Exercise description
One exact copy of the listing, minus the images, is the required answer.

Dataset content

________________________

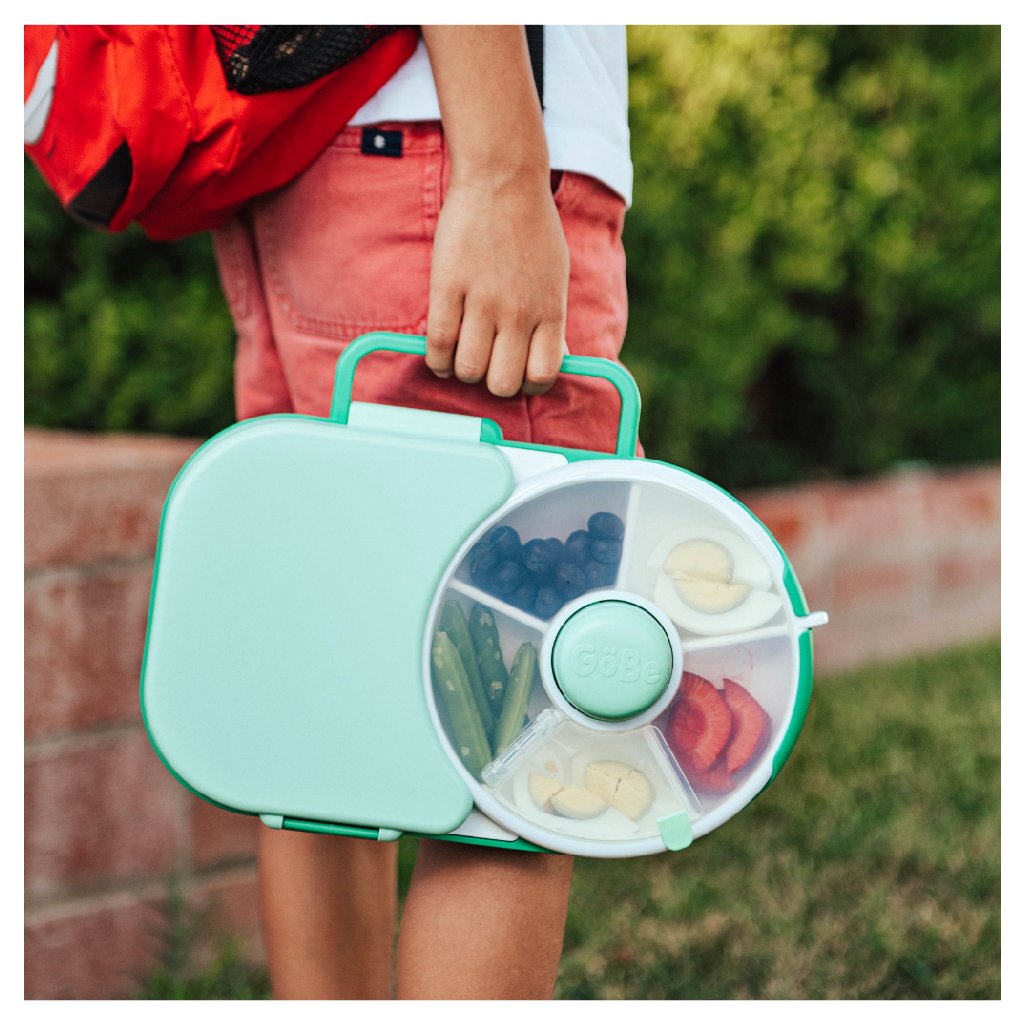 GoBe Lunchbox se dodává spolu s předem sladěným Snack Spinnerem, ale jeho vyměnitelný design vám umožňuje kombinovat barvy podle nálady nebo stylu vašeho dítěte. Děti milují výběr – a vy si zamilujete, jak snadno jim můžete každý den připravit pestré a lákavé jídlo.
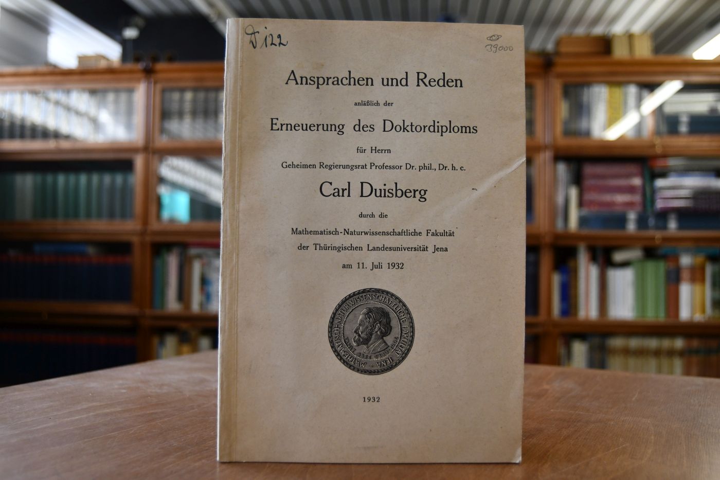 Ansprachen und Reden anläßlich der Erneuerung des Doktordiploms für Herrn Geheimen Regierungsrat Professor Dr. phil., Dr. h.c. Carl Duisberg durch die Mathematisch-Naturwissenschaftliche Fakultät der Thüringischen Landesuniversität Jena am 11. Juli 1932.
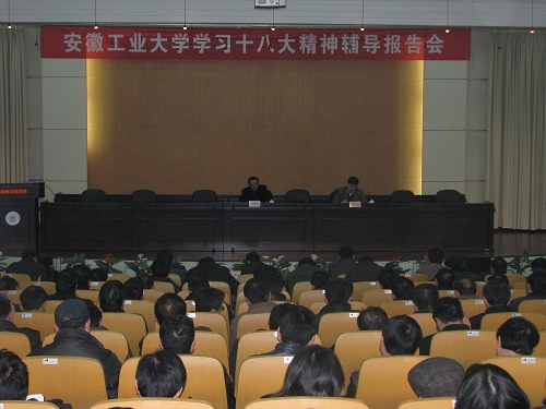 12月25日下午,中共安徽省委宣传部副部长、省社科联党组书记、常务副主席徐东平教授来我校作了学习十八大精神辅导报告会,全面、系统、深入的报告博得全场热烈掌声。报告会由校长李家新主持。在校校领导林钟高、陈润、张国宝,督导员董武清,党委常委、纪委副书记季钟秀,党委常委、组织部部长刘明出席报告会。

________________________

Solution to the problem
 GoBe Lunchbox se dodává spolu s předem sladěným Snack Spinnerem, ale jeho vyměnitelný design vám umožňuje kombinovat barvy podle nálady nebo stylu vašeho dítěte. Děti milují výběr – a vy si zamilujete, jak snadno jim můžete každý den připravit pestré a lákavé jídlo.
 Ansprachen und Reden anläßlich der Erneuerung des Doktordiploms für Herrn Geheimen Regierungsrat Professor Dr. phil., Dr. h.c. Carl Duisberg durch die Mathematisch-Naturwissenschaftliche Fakultät der Thüringischen Landesuniversität Jena am 11. Juli 1932.
 12月25日下午,中共安徽省委宣传部副部长、省社科联党组书记、常务副主席徐东平教授来我校作了学习十八大精神辅导报告会,全面、系统、深入的报告博得全场热烈掌声。报告会由校长李家新主持。在校校领导林钟高、陈润、张国宝,督导员董武清,党委常委、纪委副书记季钟秀,党委常委、组织部部长刘明出席报告会。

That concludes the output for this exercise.